— Спасибо. Теперь я не сомневаюсь, что могу тебе доверять.
В машине потрогала себя за нос, чтобы убедиться, не вырос ли он. Но нет, все было по-прежнему, только в сказках у лжецов растет нос. А если Гезолиан поймает меня на вранье, то не только нос оторвет, но, пожалуй, и голову.
В аэропорту нас не хотели пропускать в самолет с упакованным свадебным платьем: размеры сумки не соответствовали нормам для ручной клади. Однако Юлия наотрез отказалась сдавать платье в багаж, и мне пришлось пустить в ход все свое дипломатическое искусство. Я пообещала, что весь восьмичасовой полет буду держать сумку в руках. К счастью, салон оказался полупустым, так что проблема решилась сама собой. Прошлой ночью я не выспалась, поэтому отключилась сразу после взлета.

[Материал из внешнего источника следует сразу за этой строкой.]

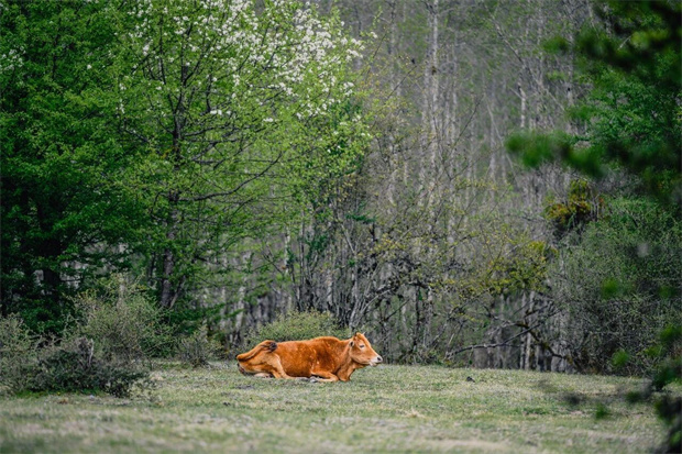 踏青賞梨之余更能邂逅這里的原生態(tài)之美澄澈溪流穿壩而過岸邊草甸柔軟如毯牛羊悠然漫步銅鈴聲在山谷間輕輕回蕩周
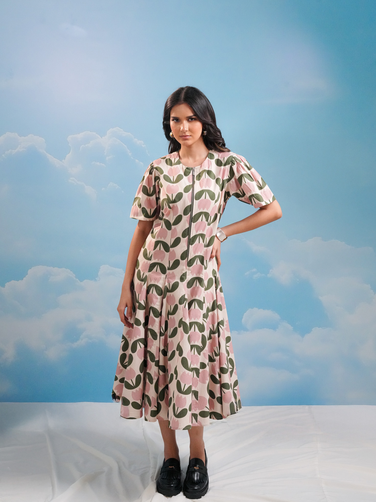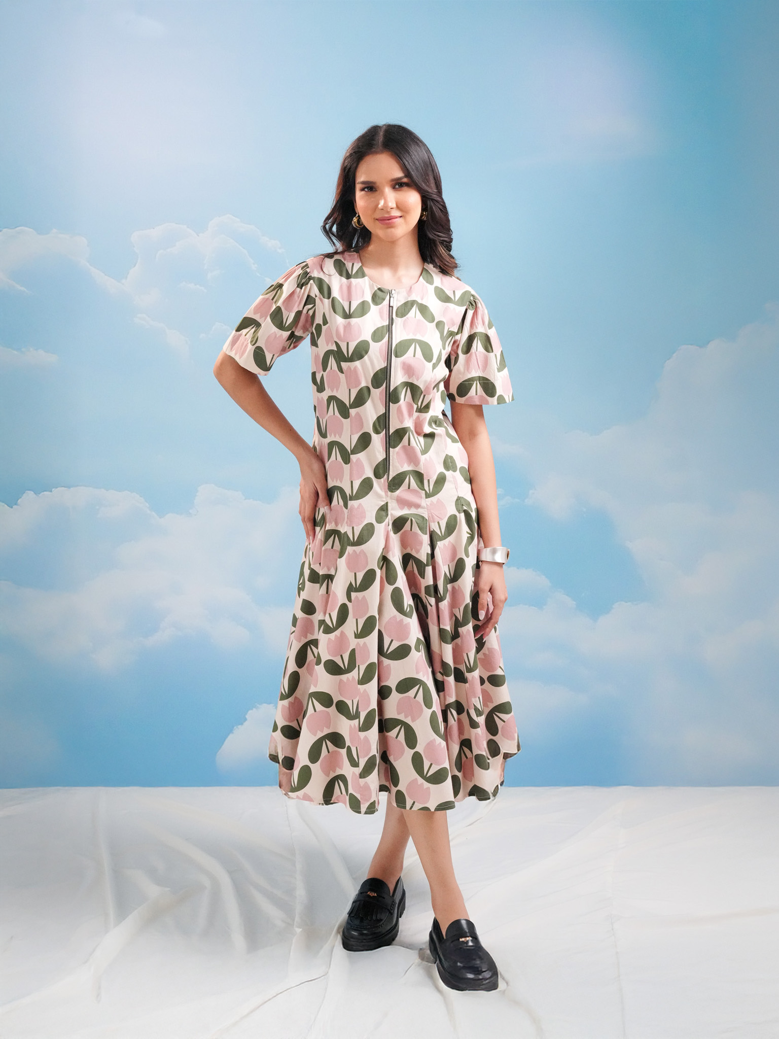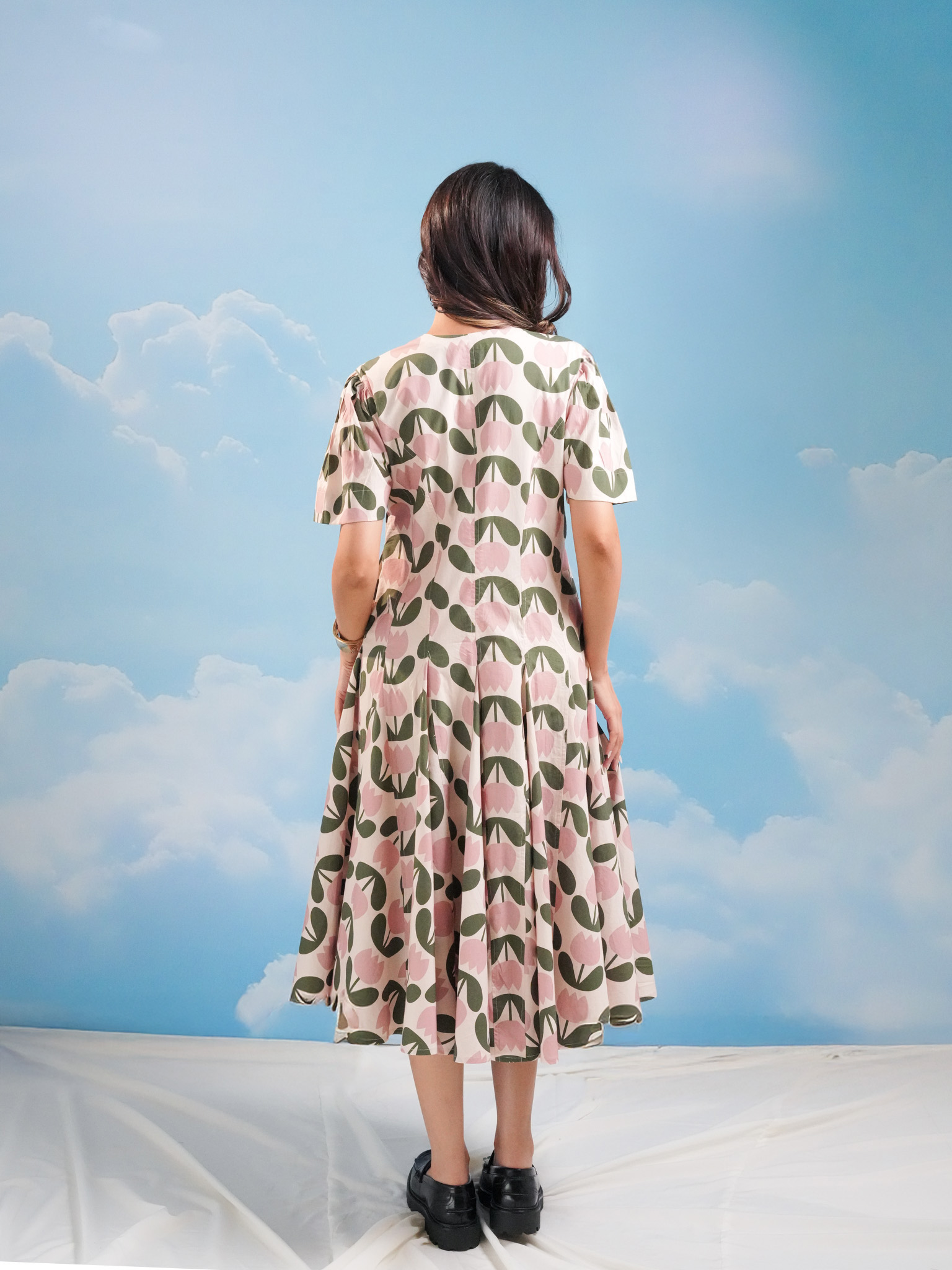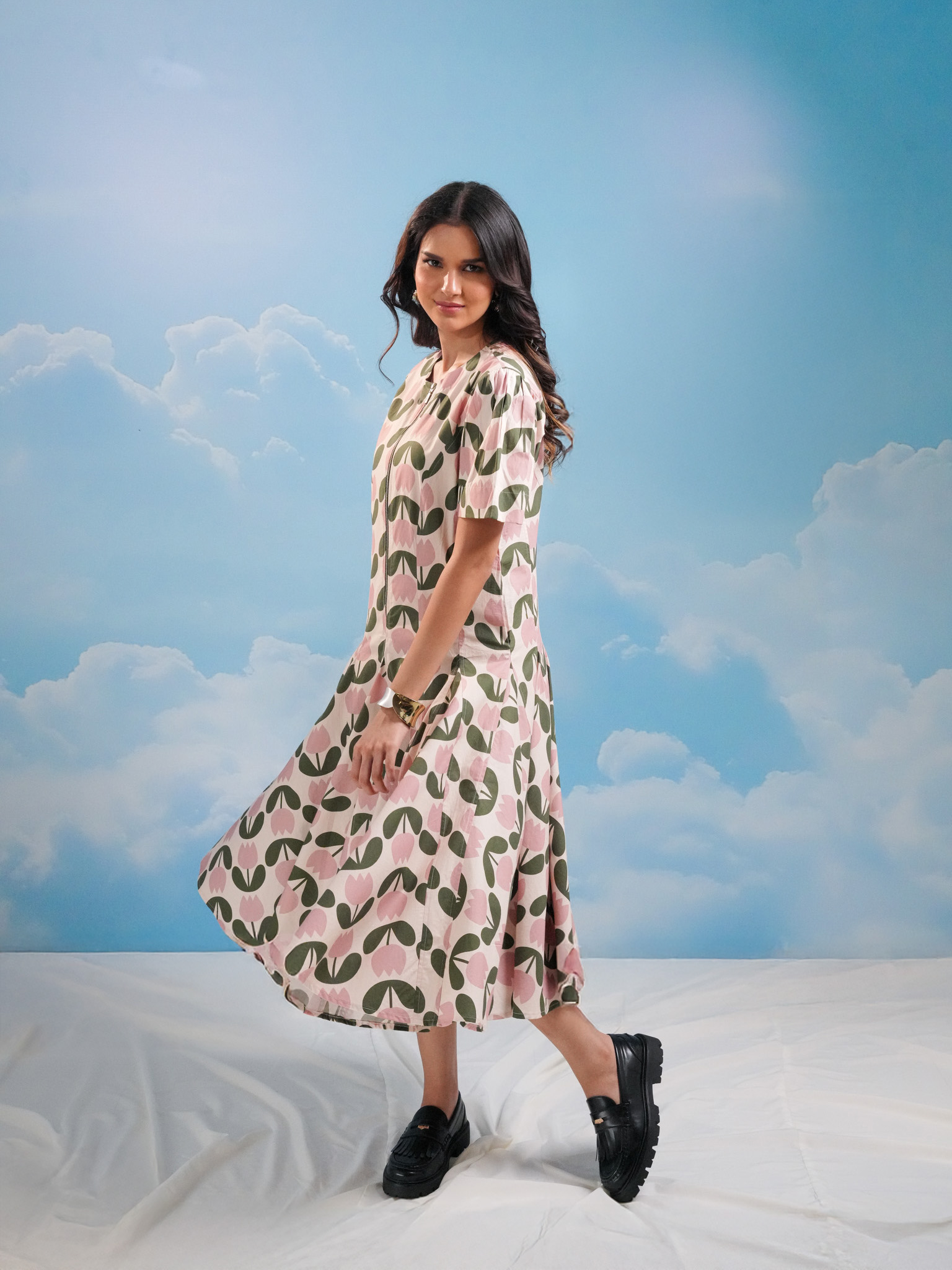 Effortlessly elegant midi dress with pockets in a soft, custom floral print, featuring a relaxed silhouette and gentle flare.

В аэропорту нас встречали Сюрьянен с Транковым. Юрий не сводил с меня влюбленного взгляда, но разве я могла ему это запретить? Пожалуй, эпизод после русской рулетки был ошибкой с моей стороны — он снова стал воображать себе бог знает что. С другой стороны, в борьбе с Гезолианом мне понадобится надежный помощник, а Юрий уже доказал, что в сложной ситуации способен сделать правильный выбор. Но готов ли он действовать на благо Давида? В этом я совсем не была уверена.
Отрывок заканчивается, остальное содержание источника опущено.